Clearex achieves this simply by combining a few sugars to a concentration of about 4-6% in order to get to the point where the osmotic pressure of both solutions is similar. Getting regular table sugar an dissolving it in a ratio of 50g per liter of solution will achieve very similar results as those obtained with Clearex. However using sugars like this can have additional problems since sugars stimulate the development of fungi and bacteria within the root zones of the hydroponic plants.

In my opinion it would be possible to achieve better results by using an isotonic solution with a combination of salts and sugars in such a way that non-nutrient salts are used to provide an ionic content to the draining solution. Using a combination of NaCl, Sucrose and Sodium Hydrogen Carbonate to achieve a more balanced solution may provide better results when doing this type of draining procedures.

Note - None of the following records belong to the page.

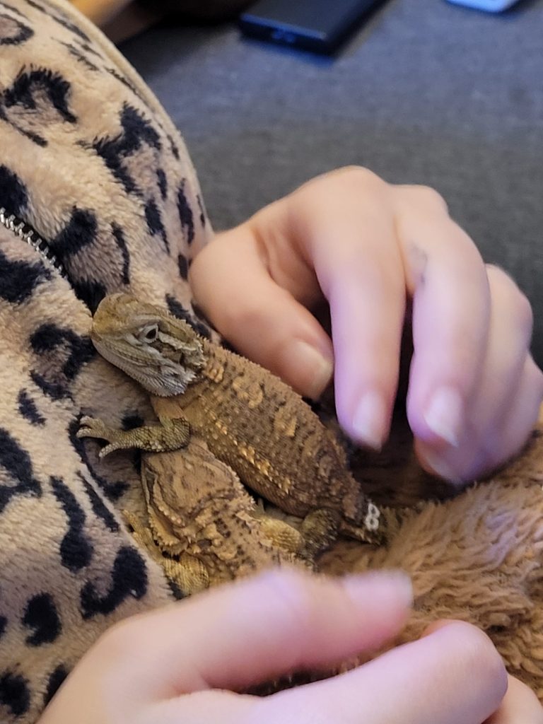 Sie wirken wie zwei sanfte Echsenköniginnen: zutraulich, ruhig und voller Vertrauen. Sie lieben es, sich auf eine warme Hand legen zu lassen, genießen Streicheleinheiten oder kuschelige Stoffe. Wenn sie versuchen, Insekten zu fangen, sind sie unbeholfen – fast trottelig. Und manchmal sieht es so aus, als würden sie mit uns zusammen fernsehen.
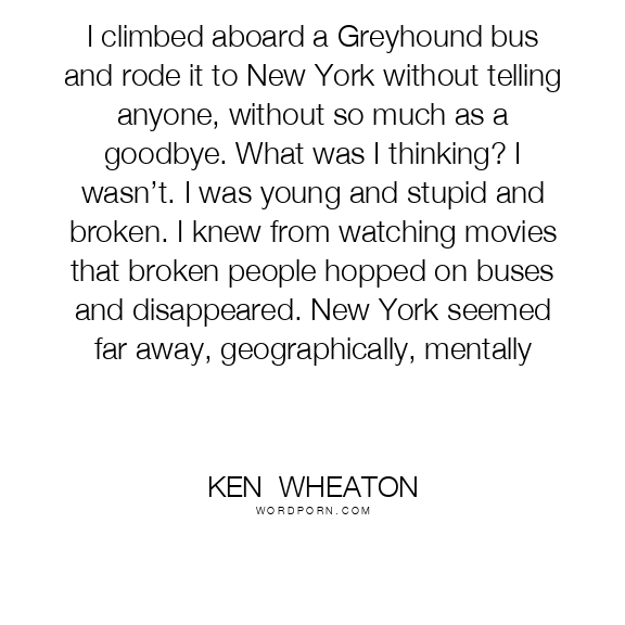 I climbed aboard a Greyhound bus and rode it to New York without telling anyone, without so much as a goodbye. What was I thinking? I wasn’t. I was young and stupid and broken. I knew from watching movies that broken people hopped on buses and disappeared. New York seemed far away, geographically, mentally
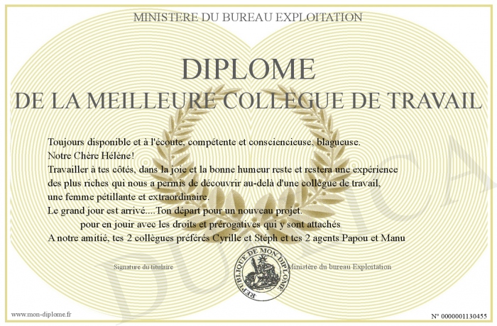 Envoyez par email votre DIPLOME DE LA MEILLEURE COLLEGUE DE TRAVAIL personalisé
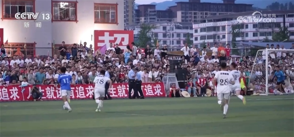 截至目前,全縣對公眾免費開放的標(biāo)準(zhǔn)足球場已經(jīng)達到14個,全縣38.5萬人口中有5萬人會踢足球、喜歡踢足球,有超過40支鄉(xiāng)村足球隊活躍在村超賽場上,榕江縣的人均足球場面積是全國數(shù)據(jù)的4倍多。
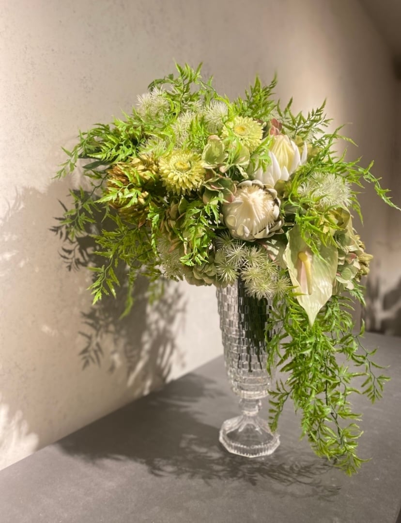 美しい淡いグリーンのアンスリウムとプロテアが見事に組み合わさったアーティフィシャルフラワーアレンジメントです。高さ80㎝、横幅60㎝、奥行45㎝の存在感あるサイズは、お部屋のどの場所でも特別な雰囲気を演出し、インテリアのアクセントとしても最適です。ガラスの花器も付属しているため、すぐにお部屋を彩ることができます!
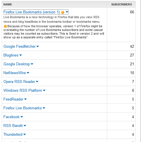 Dass dem nicht so ist, erklärt Feedburner bei der genauen Auflistung. Endlich werden die ganzen Firefoxzugriffe nicht mehr als Livebookmarks mitgezählt. Das hat jetzt fast ein halbes Jahr gedauert … wow …
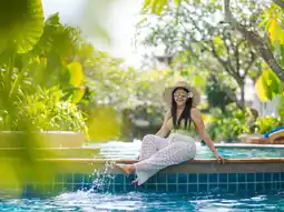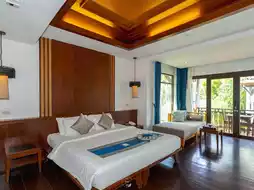 The room is spacious and comfortable, Deluxe Pool Side, Nuch stayed in the zone with a swimming pool in front of the room, walking down from the 2nd floor to the pool. There is a work area and a balcony to sit and relax.
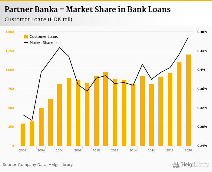 Partner Banka accounted for 0.469% of all customer loans issued in Croatia at the end of 2020. Historically, the bank’s market share in customer loans reached an all time high of 0.469% in 2020 and an all time low of 0.293% in 2003.
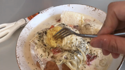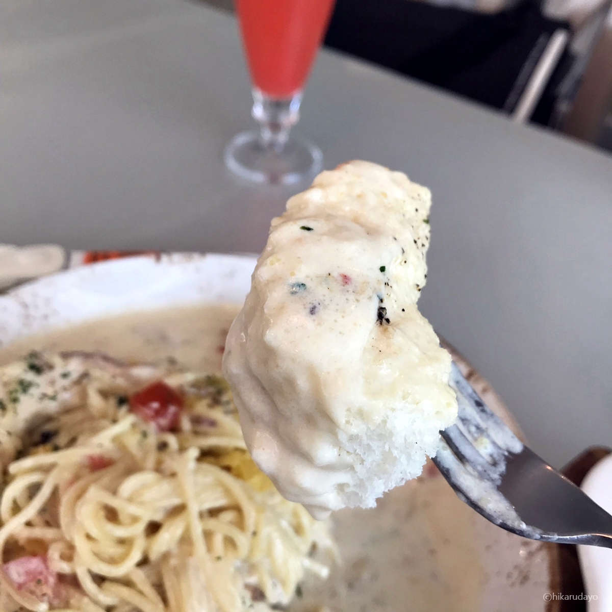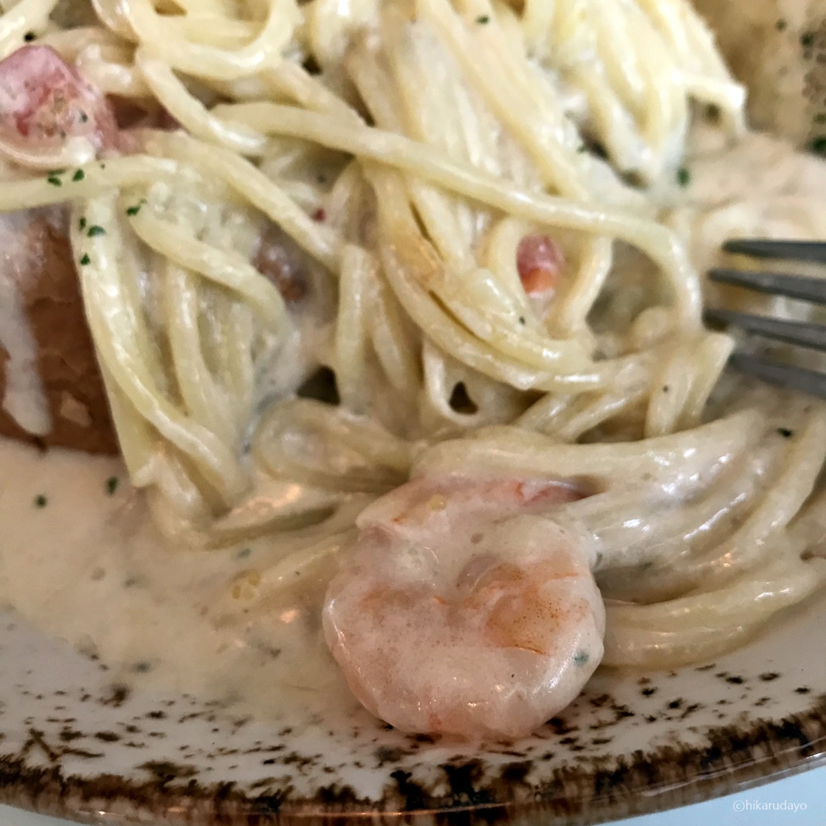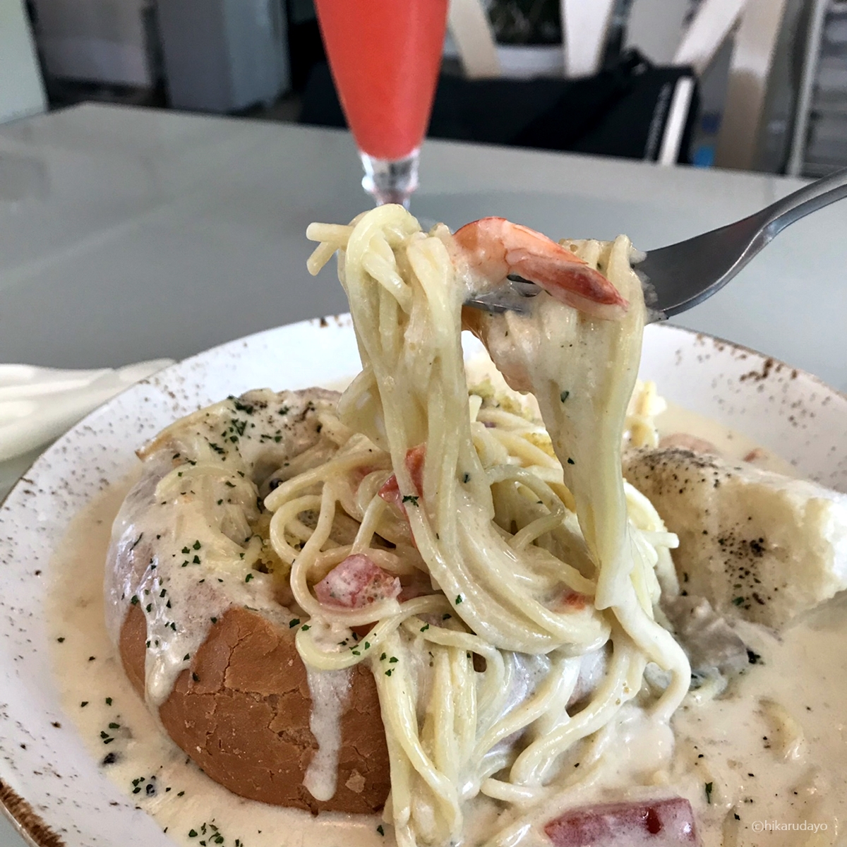 토핑이 끝내주는 장면, 안에는 칵테일 새우라든가, 토마토도 잔뜩 들어있고 무엇보다 내가 좋아하는 파슬리 고명을 촤르륵 뿌려줘서 더욱더 맛난 비주얼이 연출되었다. 그리고 내가 빠네에는 소스가 많은것을 좋아하는데 이건 진짜 풍성하게 먹을것이 많다.
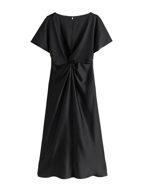 Next Getextureerde satijnen midi-jurk met korte mouwen en gedraaide voorkant
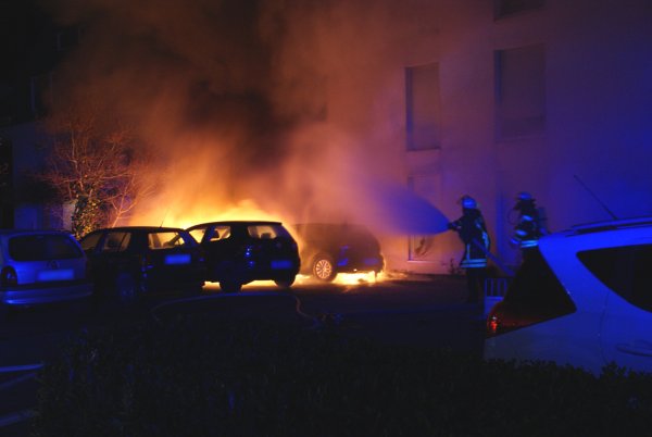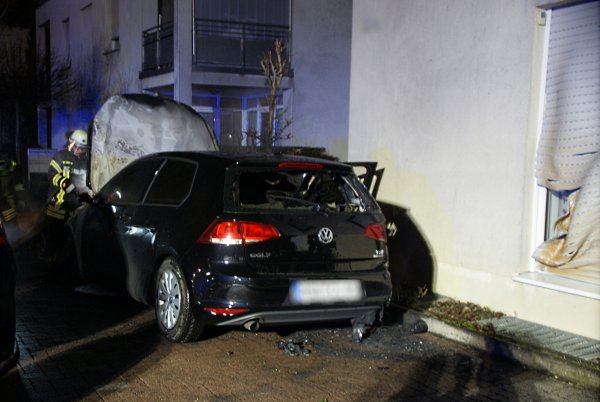 Beim Eintreffen der Einsatzkräfte stand der PKW bereits in Vollbrand. Unter schwerem Atemschutz konnte der Brand mit mehreren Strahlrohren schnell gelöscht werden. Ein nebenstehender PKW sowie der Rollladen-Kasten eines angrenzenden Wohnhauses wurden durch die starke Wärmestrahlung ebenfalls beschädigt. Die Feuerwehr kontrollierte das Gebäude auf etwaige Glutnester.
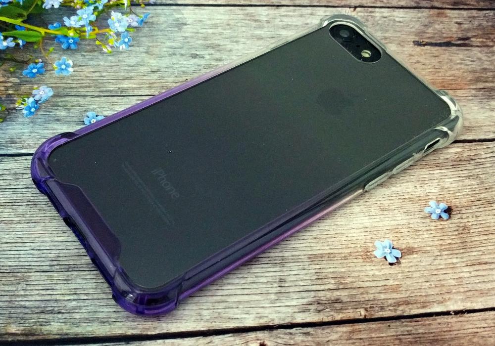 Читать все СтатьиСиликоновый чехол-накладка для iPhone 7 противоударный прозрачный градиент, цвет фиолетовый.
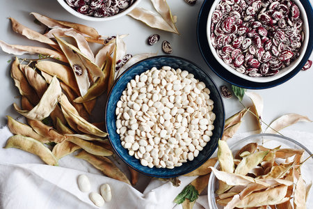 Dry beans as a background texture. Top view. Copy, empty space for text.

Of course, this is based purely on my anecdotal evidence and an adequately controlled study would be needed to say anything conclusive for a particular plant specie.

In the end making these solutions is extremely simple and buying Clearex or such other solutions made for this purpose is an obvious waste of money. If you have obtained good results with solutions like these then you can simply make your own with simple sugars while it is possible that you could obtain results just as good as those by using RO water if your crop is not sensitive to hypo-tonic conditions. If you want to experiment a bit I would recommend using a solution with about 150 mg/L NaCl, 100 mg/L NaHCO3 (sodium bicarbonate) and 10g/L of glucose. Let me know if you get better, worse or similar results :o) (note that this is NOT a straight solution but a concentrated additive that should be used until the desired EC levels are reached)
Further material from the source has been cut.